SYDNEY and KUALA LUMPUR, April 5 (IPS) – The world is entering a perfect storm as key leaders appear intent on threatening more war, albeit while declaring intentions. most sublime. By doing so, they prevent international cooperation to facilitate lasting peace and common prosperity for all.
Monetarists want tighter monetary policies to combat inflation. It is imperative to contain rising prices, even though it will increase unemployment. They advocate abandoning expansionary fiscal measures for more growth and jobs. But U.S. Federal Reserve Bank President Arthur Burns still consider Ensuring full employment is its top priority. For Burns, dealing with ‘confrontational’ inflation – at the urging of his detractors – is too costly for the economy and people’s lives.
However, the ascent of monetarism was confirmed when the Employment Act of 1946 was superseded. The successor to the Full Employment and Balanced Growth Act of 1978 is better known as The Humphrey-Hawkins . Act to its sponsors, including the 1968 Democratic presidential nomination.
In the early 1980s, Burns’ successor as Fed chairman, Paul Volcker emphasize“Y basic philosophy is that over time we have no choice but to deal with inflation because inflation over time and unemployment go hand in hand. … It’s not Is it the lesson of the 1970s?”
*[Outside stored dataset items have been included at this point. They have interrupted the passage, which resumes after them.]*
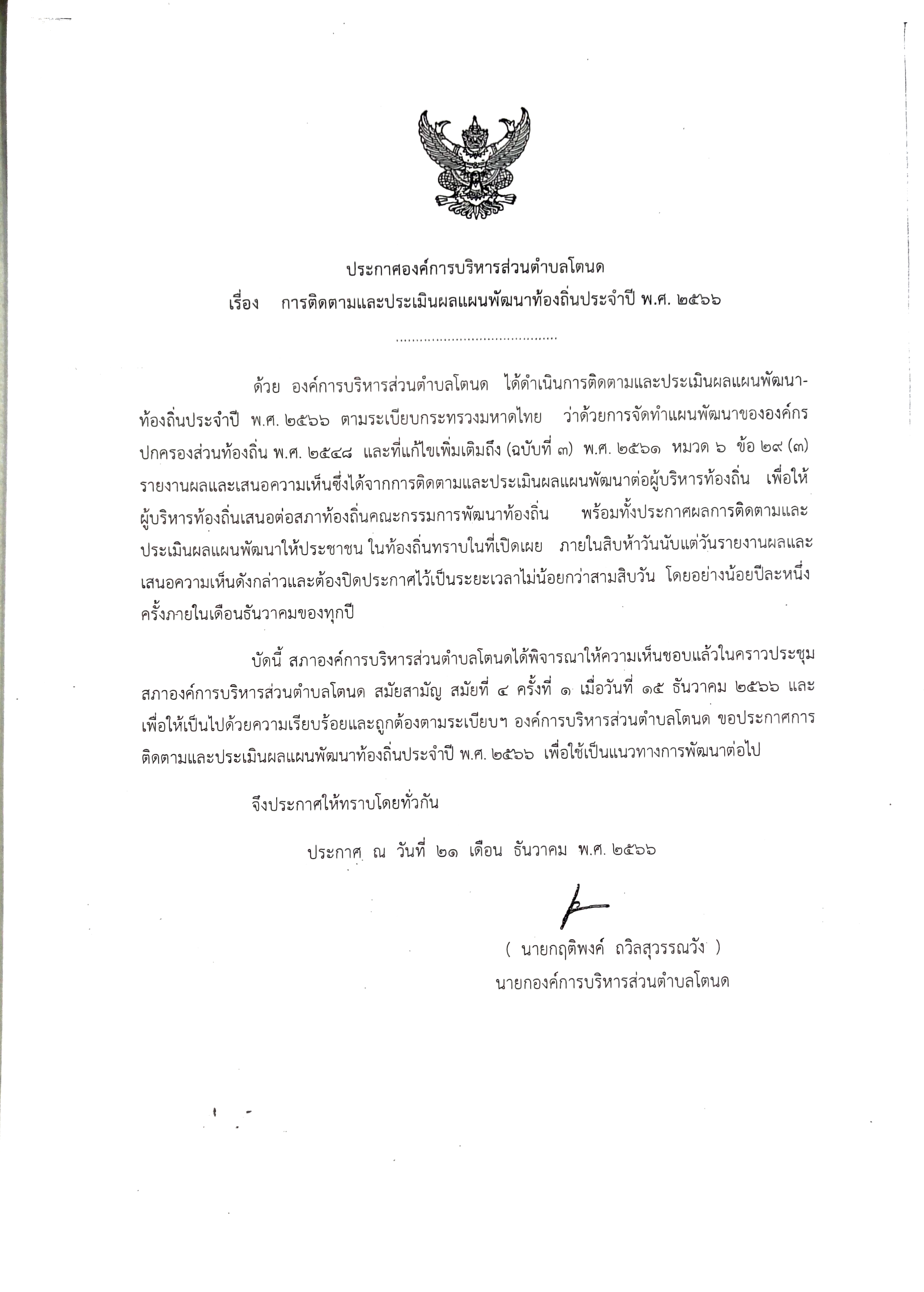 การติดตามและประเมินผลแผนพัฒนาท้องถิ่นประจำปี พ.ศ.2566
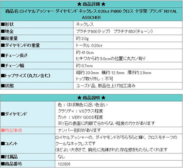 商品名:ロイヤルアッシャー ダイヤモンド ネックレス 0.20ct Pt900 クロス 十字架 ブランド ROYAL ASSCHER
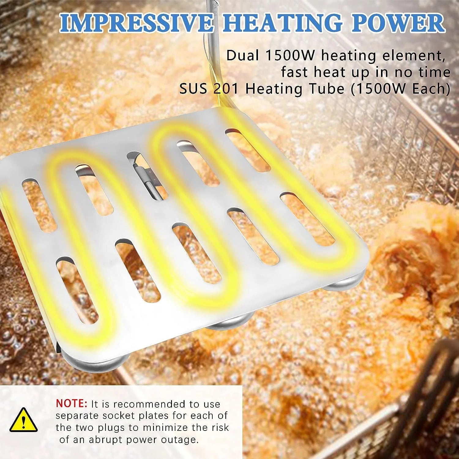 Jacgood Electric Countertop Deep Fryer 6L Dual Tank 2500W Commercial Restaurant Steel
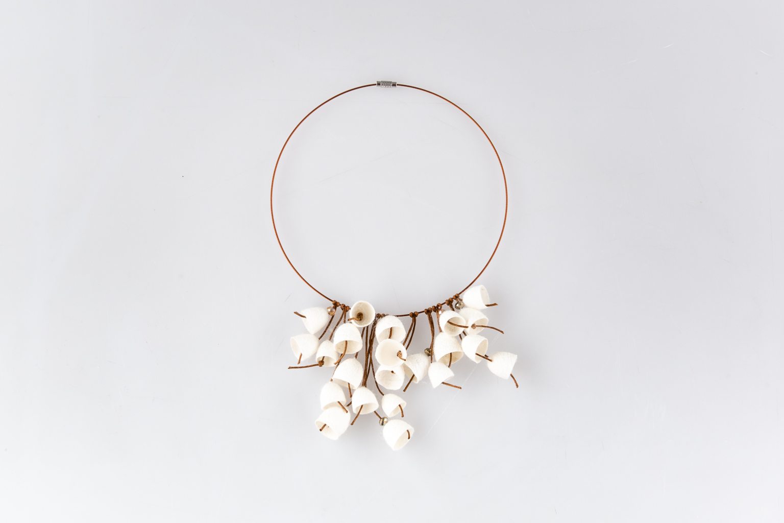 Fasten this eye-catching necklace atop your outfit to create a stunning ensemble that will have everyone talking. This necklace is impressive in size and original too, handcrafted as it is from silk cocoons from the Soufli region in Greece.
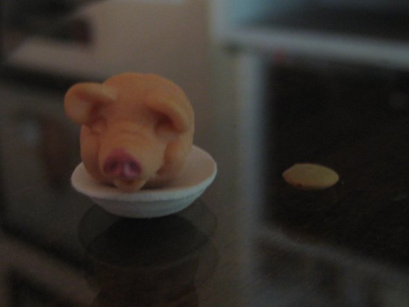 Pilar, por fim lo vi. Me habia gustado, pero no sabia que el cerdo astaba asado. La testa está muy bien conseguida. Tal vez si le pintas con un poquito de vários tonalidades de marron parece más tostadito.
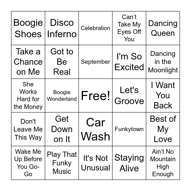This bingo card has a free space and 32 words: Staying Alive, Le Freak, Boogie Wonderland, I Will Survive, Don't Leave Me This Way, Got to Be Real, Dancing Queen, Best of My Love, Disco Inferno, That's the Way I Like It, September, Celebration, We Are Family, More Than a Woman, Let's Groove, Footloose, Wake Me Up Before You Go-Go, She Works Hard for the Money, Car Wash, Get Down on It, Funkytown, YMCA, I Want You Back, Play That Funky Music, Ain’t No Mountain High Enough, Can’t Take My Eyes Off You, I'm So Excited, Take a Chance on Me, Boogie Shoes, It's Not Unusual, Come and Get Your Love and Dancing in the Moonlight.

By Western standards after the 1950s, the 1980s saw very high unemployment. Unemployment in the rich developed OECD countries averaged 7.3% between 1980-1989, compared with just under 5% between 1974-1979 and less than 3% in the 1960s.
Debt crises, lost decades
The sudden increase in US interest rates caused debt crises in Poland, Latin America, and elsewhere in the early 1980s. Before that, American commercial banks had profited after two waves of prices. Oil spiked in the 1970s.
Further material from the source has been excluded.